[Start of Attachment]

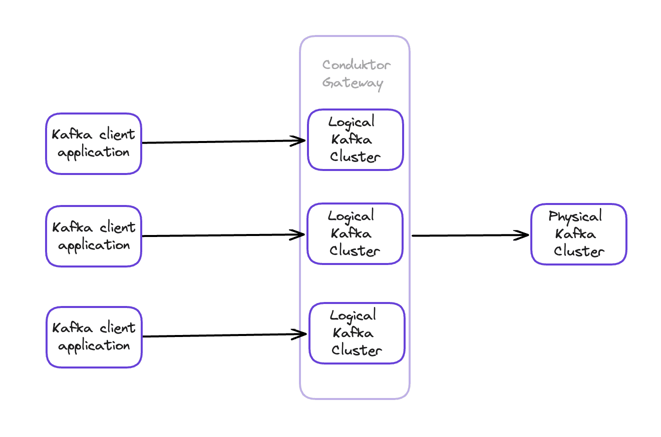 Multi-tenancy splits one physical Kafka cluster into isolated virtual clusters. Each tenant sees a standard Kafka cluster but can't access other tenants' resources.
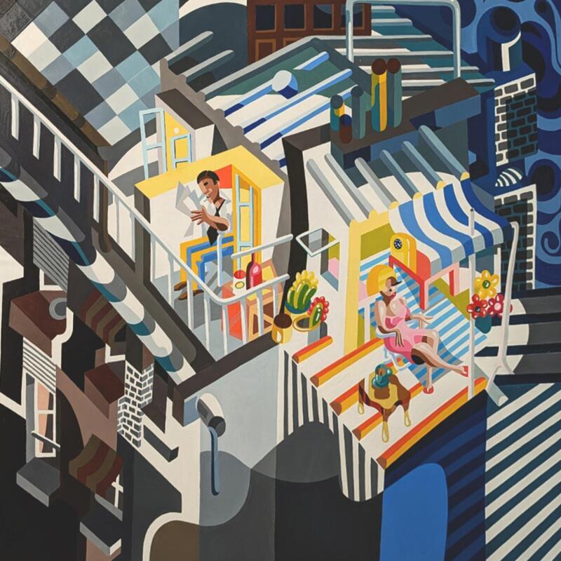 Über die formale Schönheit hinaus könnte das Werk als eine Reflexion über das zeitgenössische Stadtleben interpretiert werden. Die Balkone und die Innen-/Außenräume suggerieren ein Nebeneinander von Intimität und öffentlicher Zurschaustellung, von Einsamkeit und Koexistenz in einer dicht besiedelten Umgebung. Die Präsenz von Elementen wie Kakteen, Blumen und Alltagsgegenständen (eine Tasse, eine Zeitung) fügt inmitten der kantigen Formen eine Dimension von Weichheit und Menschlichkeit hinzu.
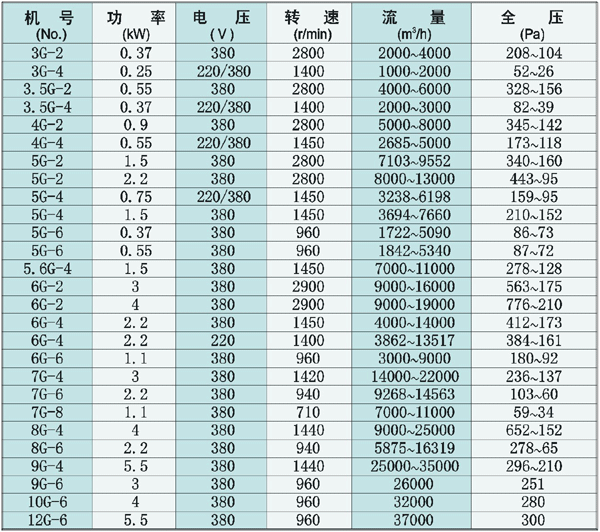 常用離心通風機系列
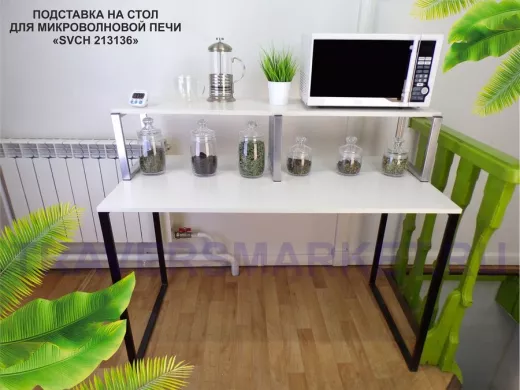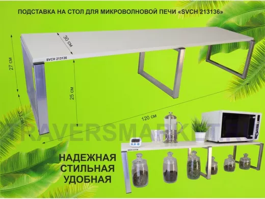 Подставка на стол для микроволновой печи, высота 27см, серебр "SVCH 213136" полка 120х30см, сосна
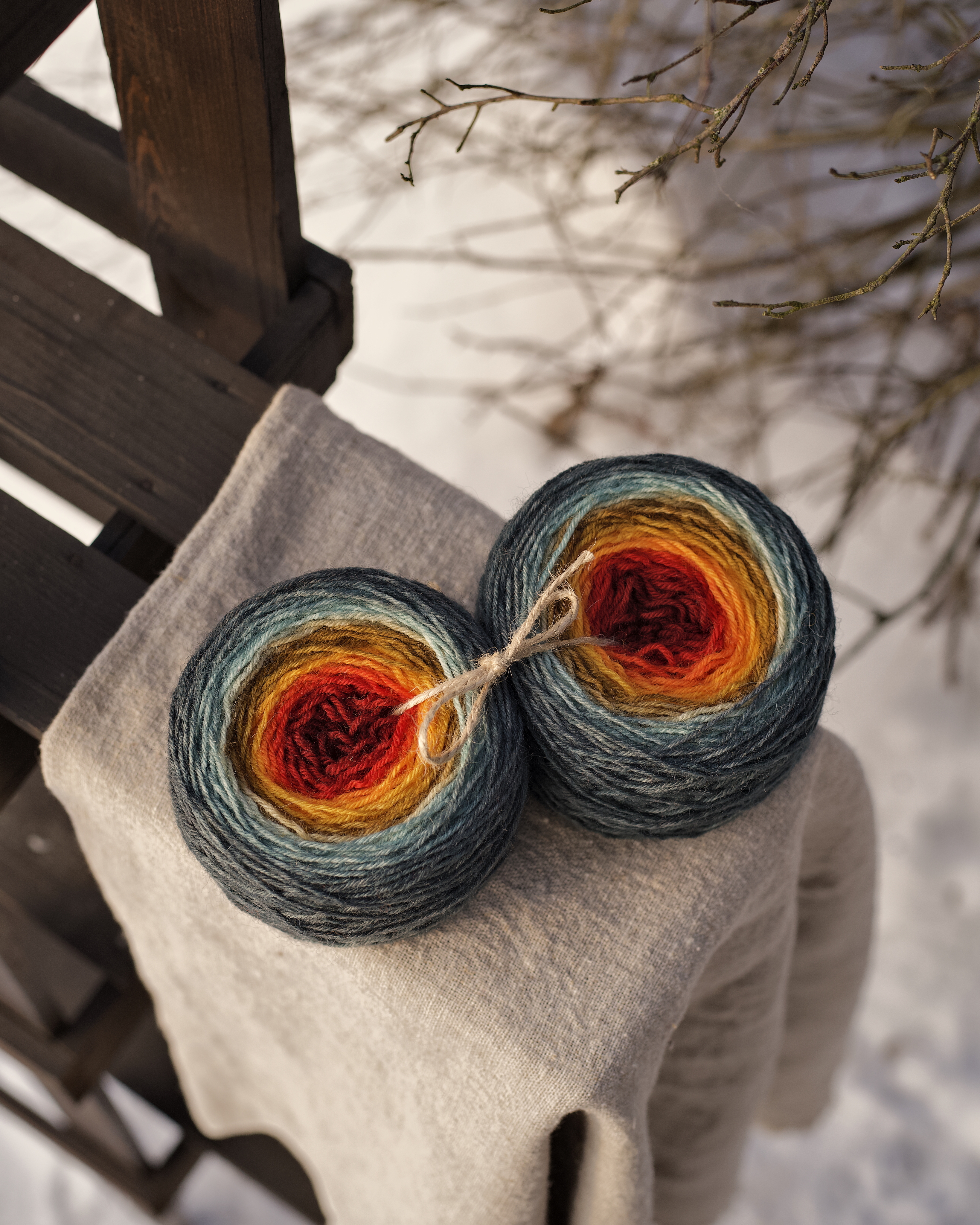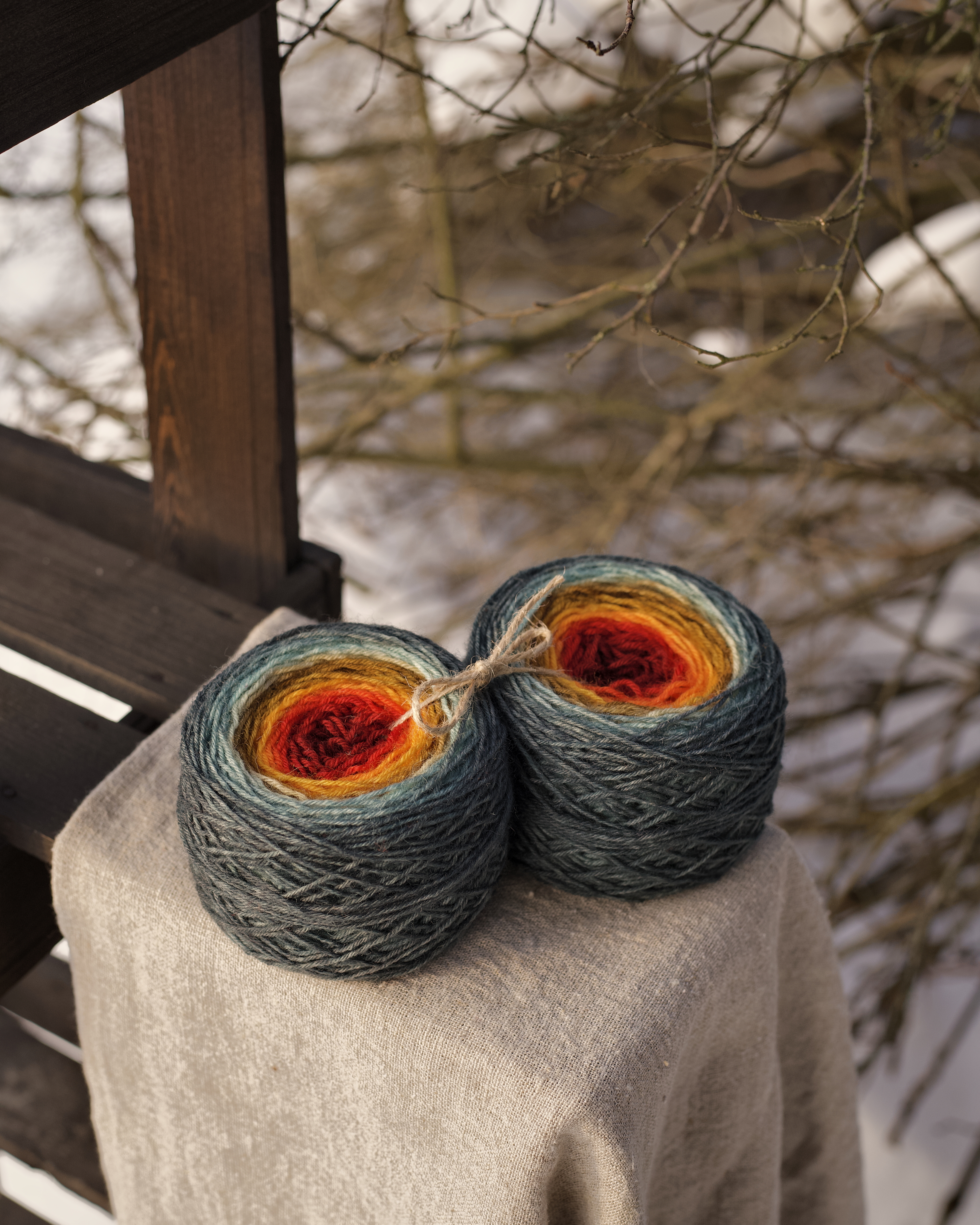 Носочный градиент - два одинаковых моточка с переходами цвета. Набора хватит на пару до 38-39 размера. Пряжа шерстяная, приятная на ощупь.

[End of Attachment]

From the first line to the last, repeat the entries exactly and leave out the pictures.

FINISHED EXERCISE:
 Multi-tenancy splits one physical Kafka cluster into isolated virtual clusters. Each tenant sees a standard Kafka cluster but can't access other tenants' resources.
 Über die formale Schönheit hinaus könnte das Werk als eine Reflexion über das zeitgenössische Stadtleben interpretiert werden. Die Balkone und die Innen-/Außenräume suggerieren ein Nebeneinander von Intimität und öffentlicher Zurschaustellung, von Einsamkeit und Koexistenz in einer dicht besiedelten Umgebung. Die Präsenz von Elementen wie Kakteen, Blumen und Alltagsgegenständen (eine Tasse, eine Zeitung) fügt inmitten der kantigen Formen eine Dimension von Weichheit und Menschlichkeit hinzu.
 常用離心通風機系列
 Подставка на стол для микроволновой печи, высота 27см, серебр "SVCH 213136" полка 120х30см, сосна
 Носочный градиент - два одинаковых моточка с переходами цвета. Набора хватит на пару до 38-39 размера. Пряжа шерстяная, приятная на ощупь.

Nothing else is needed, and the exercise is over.